### EXERCISE REQUIREMENTS
Return the lines below exactly, please, from the one containing "Накладка Guess для" through the last one, both included, and leave out any pictures.

### DATASET EXCERPTS
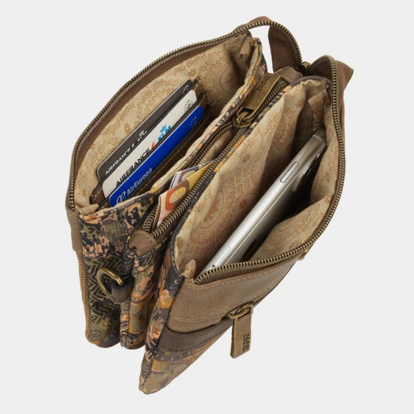Monedero triple de la marca SKPAT con asa de mano adicional. Cierre con cremallera. Bolsillo delantero con cremallera. Tiene tres compartimentos interiores, el central con cremallera. Capacidad para tres tarjetas y documentación. Forro interior estampado con el logo de la marca.
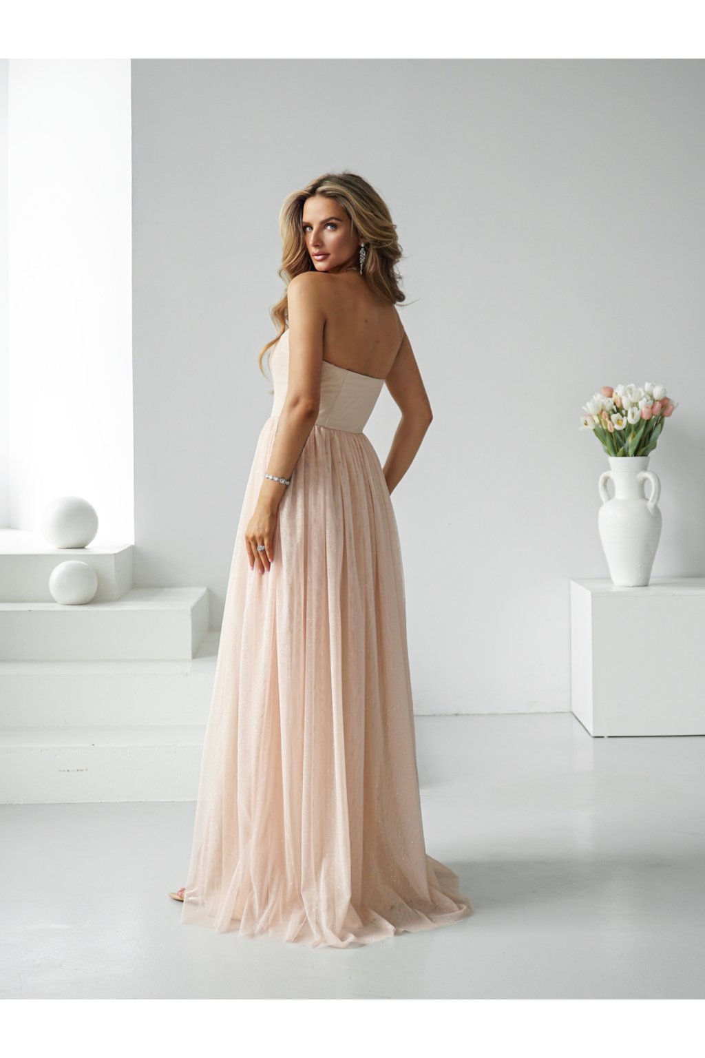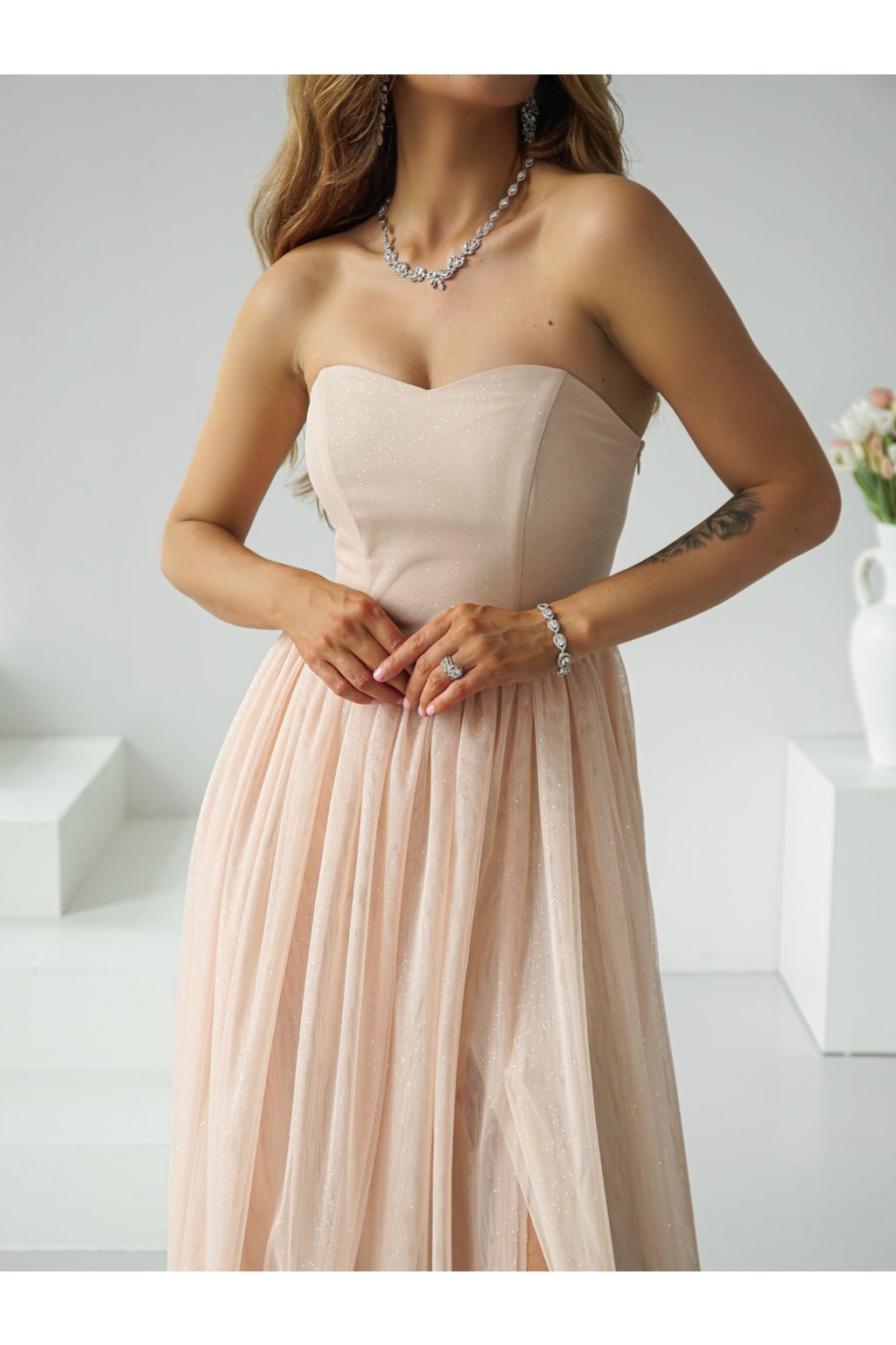 Exkluzívne trblietavé tylové šaty v strihu bez ramienok vás zaujmú už na prvý pohľad. V týchto luxusných šatách budete zaručene kráľovnou celého večera. Vrch šiat je korzetový, na prsiach sú spevnené. Korzet je prekrytý tylovou trblietavou vrstvou. Zozadu je neviditeľná gumička, aby šaty lepšie držali. Sukňa je padavá s trblietavou tylovou vrstvou. Má rázporok. Zapínajú sa na boku na zips.
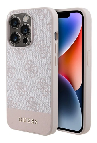 Накладка Guess для iPhone 15 Pro PU 4G Bottom stripe Metal logo Hard, Pink (GUHCP15LG4GLPI)
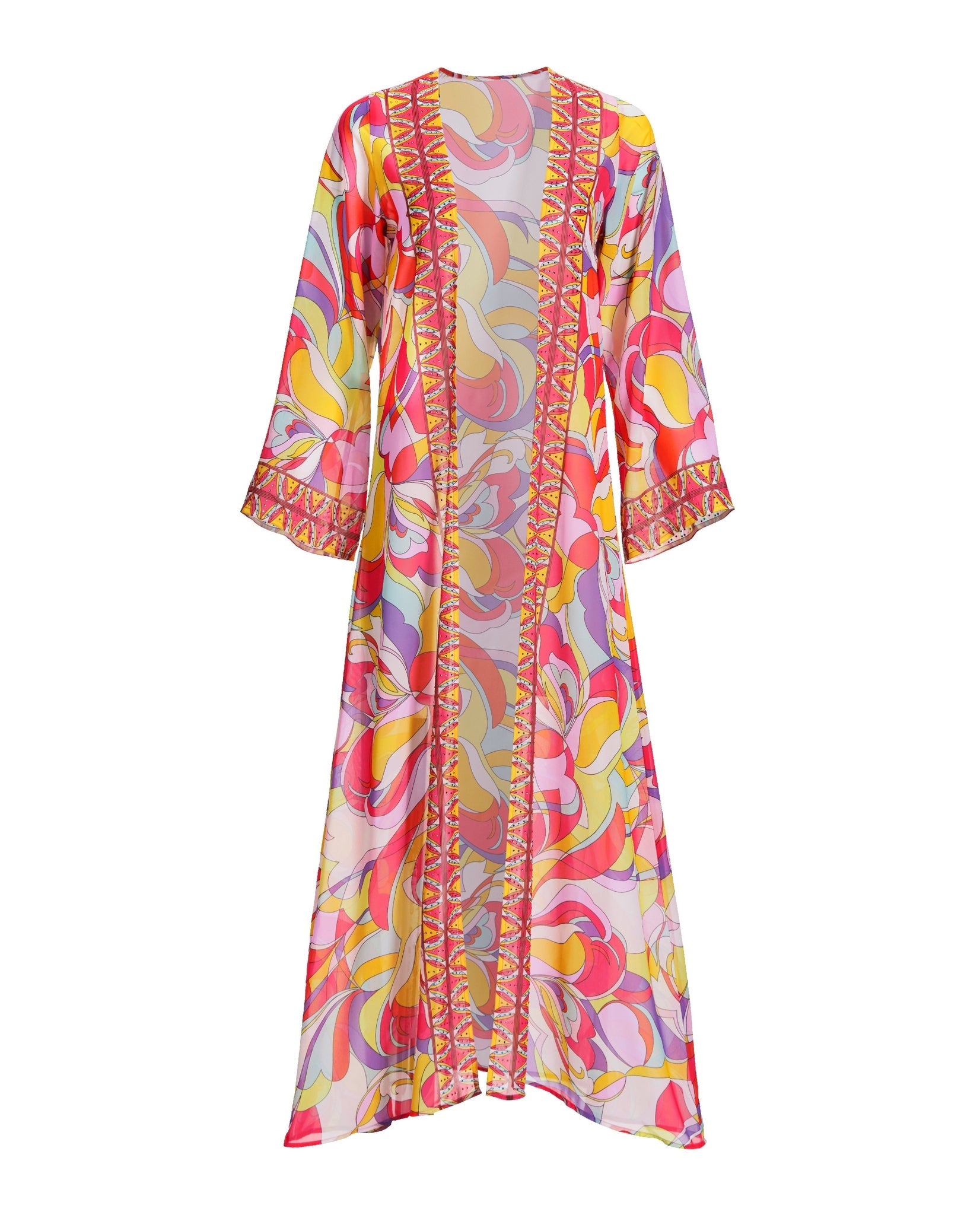 Take this splashy kimono cover-up on your next getaway for colorful poolside posh style, then pair with shorts, jeans, and dresses as a standout layer for day and night.
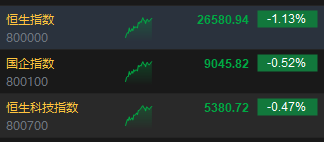 2月6日消息,港股三大指数集体下跌。截至午间收盘,恒生指数跌1.13%,报26580.94点,恒生科技指数跌0.47%,国企指数跌0.52%。盘面上,科网股跌多涨少,阿里巴巴、京东集团、网易跌超2%,美团、快手、哔哩哔哩跌超1%,小米集团涨超1%;锂电池板块逆势上涨,中创新港涨超3%;茶饮股普涨,古茗涨超4%;光伏太阳能股集体弱势,福耀玻璃跌超4%。
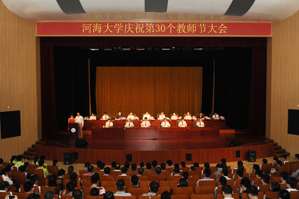 校长徐辉在主持大会时说,百年大计,教育为本。教育大计,教师为本。教师是人类文明的传承者,是促进教育事业又好又快发展,培养高素质人才的推动者。长期以来,河海大学广大教师坚持“育人为本,德育为先”的教育观念,弘扬“自强不息,止于至 善”的优良传统,学为人师,行为世范,默默耕耘,无私奉献,为国家培育桃李,为河海奉献青春。
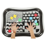 Podložka nabízí bohatou smyslovou stimulaci s kontrastními barvami a pohybujícími se barevnými tvary uvnitř. Skvěle podporuje vizuální a hmatový vývoj.
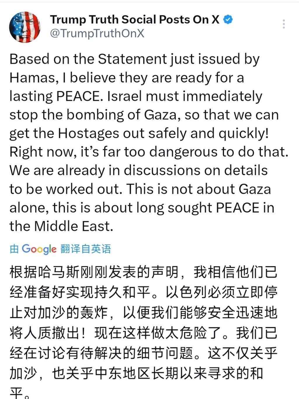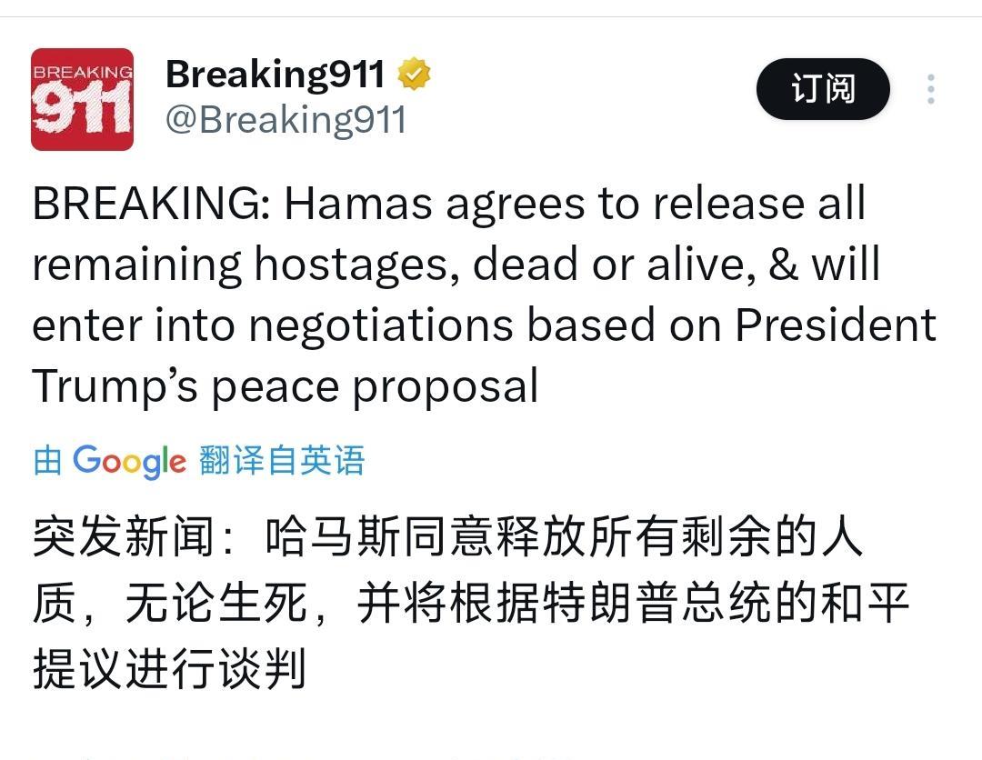 突发新闻:美国总统特朗普今天(北京时间10月4日)发文写道:“根据哈马斯刚刚发表

### TASK RESPONSE
 Накладка Guess для iPhone 15 Pro PU 4G Bottom stripe Metal logo Hard, Pink (GUHCP15LG4GLPI)
 Take this splashy kimono cover-up on your next getaway for colorful poolside posh style, then pair with shorts, jeans, and dresses as a standout layer for day and night.
 2月6日消息,港股三大指数集体下跌。截至午间收盘,恒生指数跌1.13%,报26580.94点,恒生科技指数跌0.47%,国企指数跌0.52%。盘面上,科网股跌多涨少,阿里巴巴、京东集团、网易跌超2%,美团、快手、哔哩哔哩跌超1%,小米集团涨超1%;锂电池板块逆势上涨,中创新港涨超3%;茶饮股普涨,古茗涨超4%;光伏太阳能股集体弱势,福耀玻璃跌超4%。
 校长徐辉在主持大会时说,百年大计,教育为本。教育大计,教师为本。教师是人类文明的传承者,是促进教育事业又好又快发展,培养高素质人才的推动者。长期以来,河海大学广大教师坚持“育人为本,德育为先”的教育观念,弘扬“自强不息,止于至 善”的优良传统,学为人师,行为世范,默默耕耘,无私奉献,为国家培育桃李,为河海奉献青春。
 Podložka nabízí bohatou smyslovou stimulaci s kontrastními barvami a pohybujícími se barevnými tvary uvnitř. Skvěle podporuje vizuální a hmatový vývoj.
 突发新闻:美国总统特朗普今天(北京时间10月4日)发文写道:“根据哈马斯刚刚发表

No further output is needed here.